Not Sure wrote: I batch ordered the Pax Pamir expansion, Pax Ren, and the Pax Ren expansion (which was of course printed simultaneously with the game) a while ago.
This sort of thing is exactly why. It happened with the Pax Pamir expansion too, selling out before the game. I think he hasn't quite optimized the number of expansions to print, and I think it's a lot higher ratio than typical game studios.
I also coughed up for the tiny Pax Ren expansion from the BGG store.
I wouldn't call Eklund an auto-buy for me, but I like the Pax games at least. I probably cannot disagree more with his politics, but I'm a grown-up who can separate art from personality. The perceived value of the game is enough to make my invisible hand reach for my fiat money wallet.
Fuck BGG and their exclusive promos. I skip 'em.
Gary Sax wrote: Yeah, I'm a bit salty about not ordering it when I could.
There's a base game on the BGG marketplace:
boardgamegeek.com/geekmarket/product/1209316
The expansion seems harder to find.
I'll poke around and see if anyone has seen it in an FLGS. It didn't sell out too long ago, some still may be on store shelves.

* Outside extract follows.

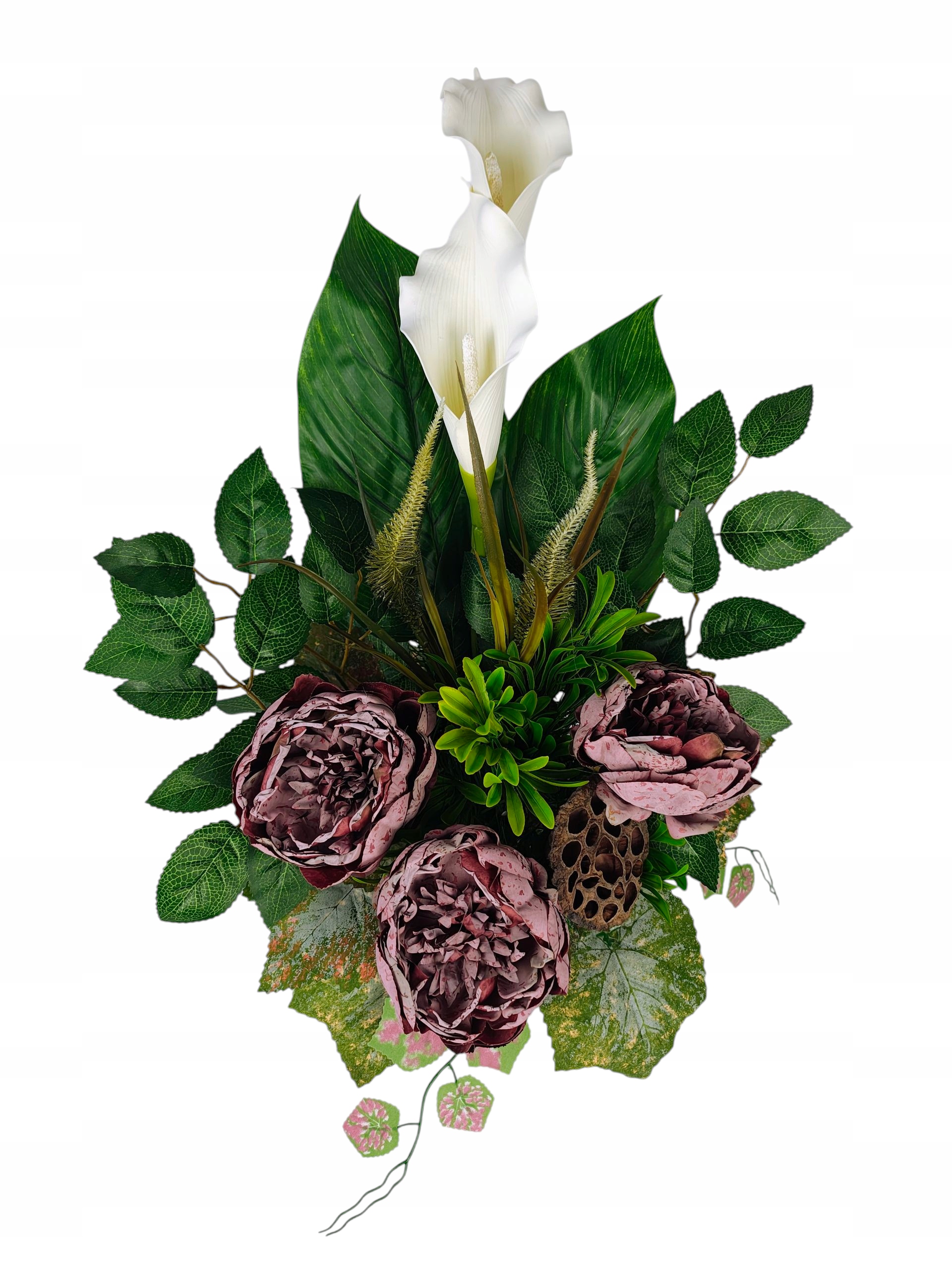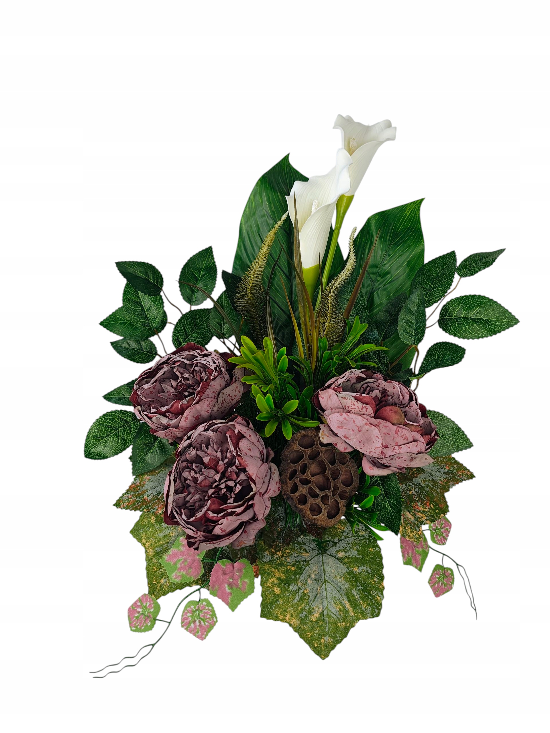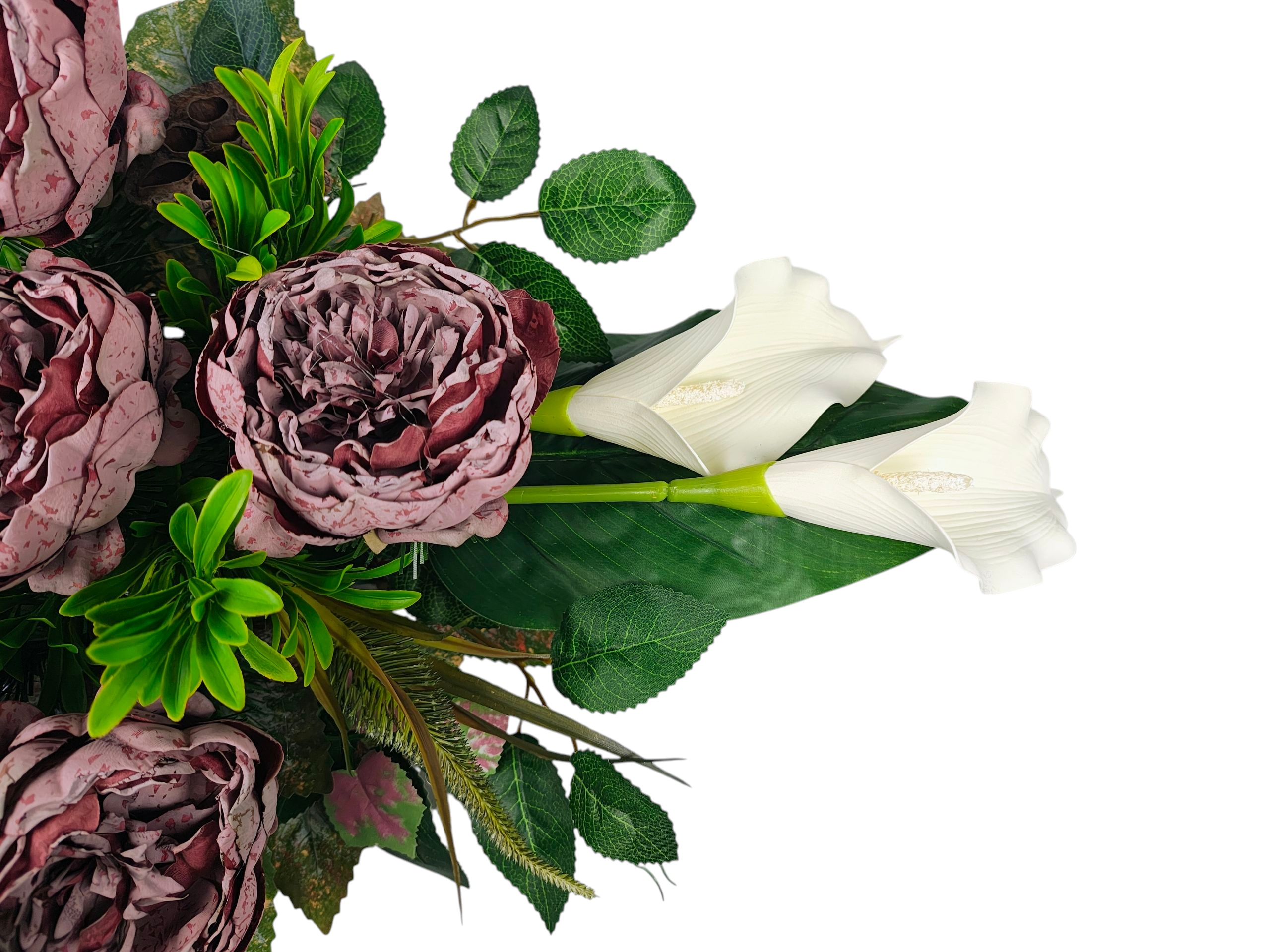 Декорація створена для гідного та красивого вшанування близьких. Пишна композиція чудово заповнює простір на надгробку, створюючи виразний, але водночас тонкий декор. Вставка вази створена таким чином, щоб її можна було стабільно розмістити в класичних надгробних вазах, завдяки чому все виглядає цілісним і елегантним.

Edit: the base game is still available direct from Sierra Madre. I've bought from them direct multiple times, very reliable and postage isn't too bad considering the distance. No joy on the expansion. A couple of friends with well stocked FLGS had no luck either. Probably a long shot, but The Compleat Strategist in NYC and The Sentry Box in Calgary are two of the biggest stores I've seen in terms of selection. Their websites are total shite, so its possible they might have it in stock.
Just found this :
www.google.com/shopping/product/15878167...WCVT4KHZjQBk8Q2SsIFw
One place has it for $32.
The expansion already appears to be approaching stupid price status unfortunately.

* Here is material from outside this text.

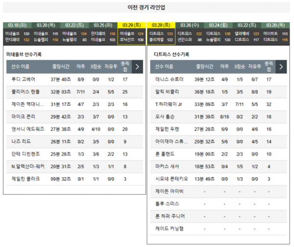 두 팀의 최근 5경기 성적에서는 미네소타가 높은 득점력을 바탕으로 승리를 가져가고 있으며, 디트로이트는 수비력 보강을 통해 상승세를 이어가고 있습니다. 디트로이트 피스톤스의 최근 공격력과 미네소타 팀버울브스의 득점력 간의 경합이 예상됩니다.
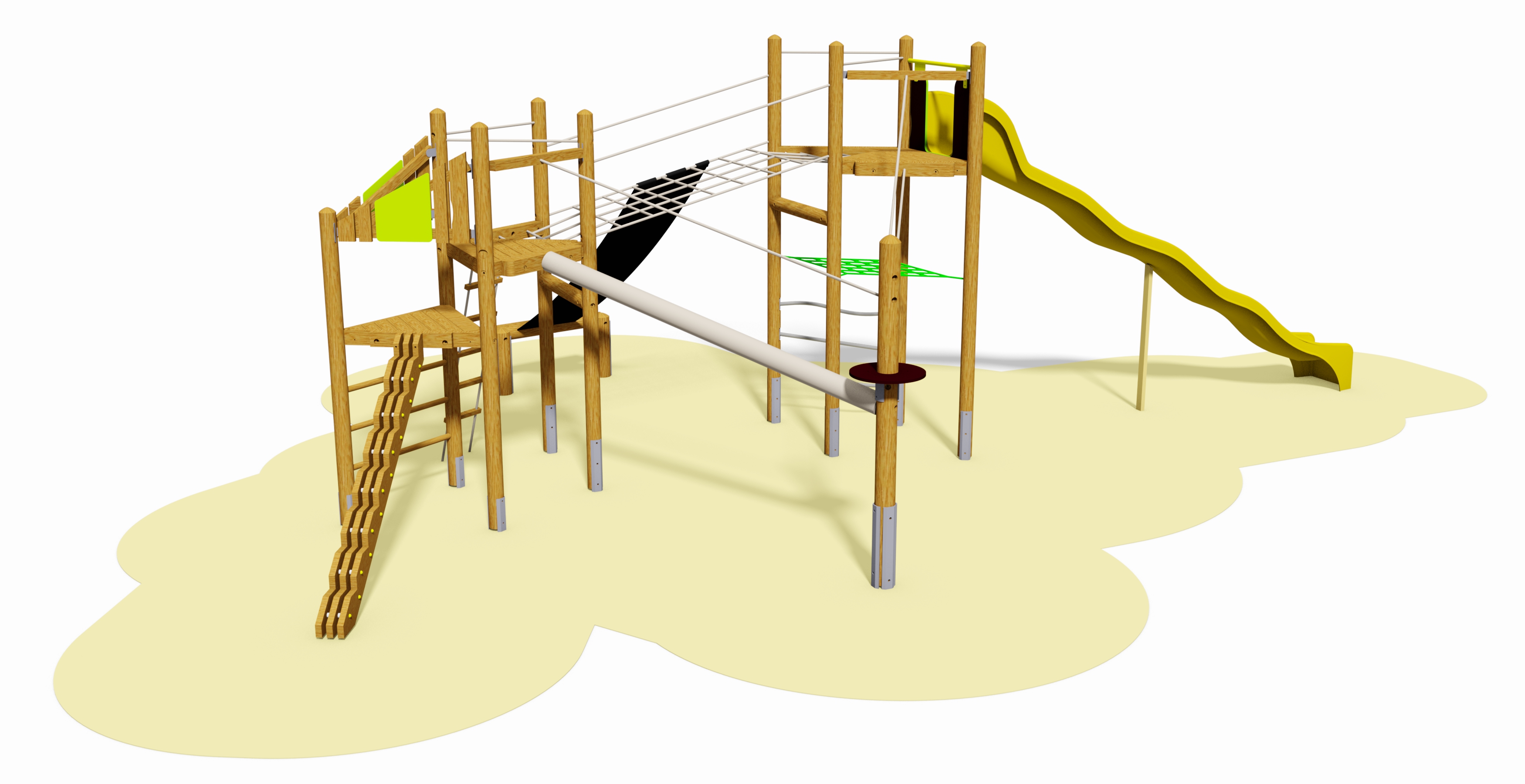 9 Steher Ø 12 cm, 3 Steher Ø 14 cm, 3 Dreieckpodeste, 4 Handläufe, 6 Seilhandläufe, 2 Brüstungselemente schräg, 1 Absturzsicherung für Rutschen, 1 Zwischenleiter, 1 Stufenbaum, 1 Herkules-Flächennetz schräg, 1 Strickleiter, 1 Gummiband-Aufstieg mit Klettergriffen, 3 Edelstahlsprossen, 1 Relaxnetz, 2 Herkules-Halteseile Ø 22 mm, 1 Herkules-Blanciertau Ø 22 mm, 1 Kokostau (Polypropylen) Ø 150 mm.

Msample wrote: Fuck BGG and their exclusive promos. I skip 'em.
Yeah, they're stupid, but I buy them for the games I really like. In this case they had the Argent promo pack and the Pax Ren five-card expansion at the same time, so I sent them a few bucks. Figure it's just insurance if I ever really need money enough to sell games off the shelf. I think I've bought three or four total over the years, because my hoarder instinct isn't that strong.

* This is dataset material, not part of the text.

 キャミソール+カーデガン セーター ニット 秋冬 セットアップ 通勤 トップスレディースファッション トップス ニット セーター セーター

Only a very specific type of shiny will do.
The restrictions in this are super harsh, and it's easy to get behind the 8-ball accidentally. With the action restriction and the hand restriction, there's so little you can do sometimes that you just grind your teeth. However, if those things were relaxed I think it would snowball even more into a rich-get-richer game.
The one non-solo game seems to have very short on bishops, so I'm not sure how much different they'd be (or if we just let them go by really early on). One of the things that was definitely in play early in the game was a reluctance to run trade routes that would benefit everyone. It seems like cash was always hard to come by, but maybe it's just because we were all being stingy bastards.
I need a few more games to really get my opinions set on it. It feels swingier than Pax Porf, and I think it's down to how the trade fairs work. It's pretty hard to get paid (especially in the early game) without them, but they also cycle the cards. With purchases and trade fairs going on, you can watch almost a whole row disappear before it's your turn again. That makes it pretty hard to plan, even if the costs to buy deep are linear rather than exponential. On the plus side, it means some crazy surprises may come down the pike, but just like in Pax Porf there's nothing worse than adjusting the market at the end of your turn and seeing the card that's going to hose you pop up when you know there's no chance to defend.
I think the whole activate-declare two action victory (literally, winning requires at least half your actions for that turn) is almost a patch for the wild swings of the game, to allow your opponents to rein you back in.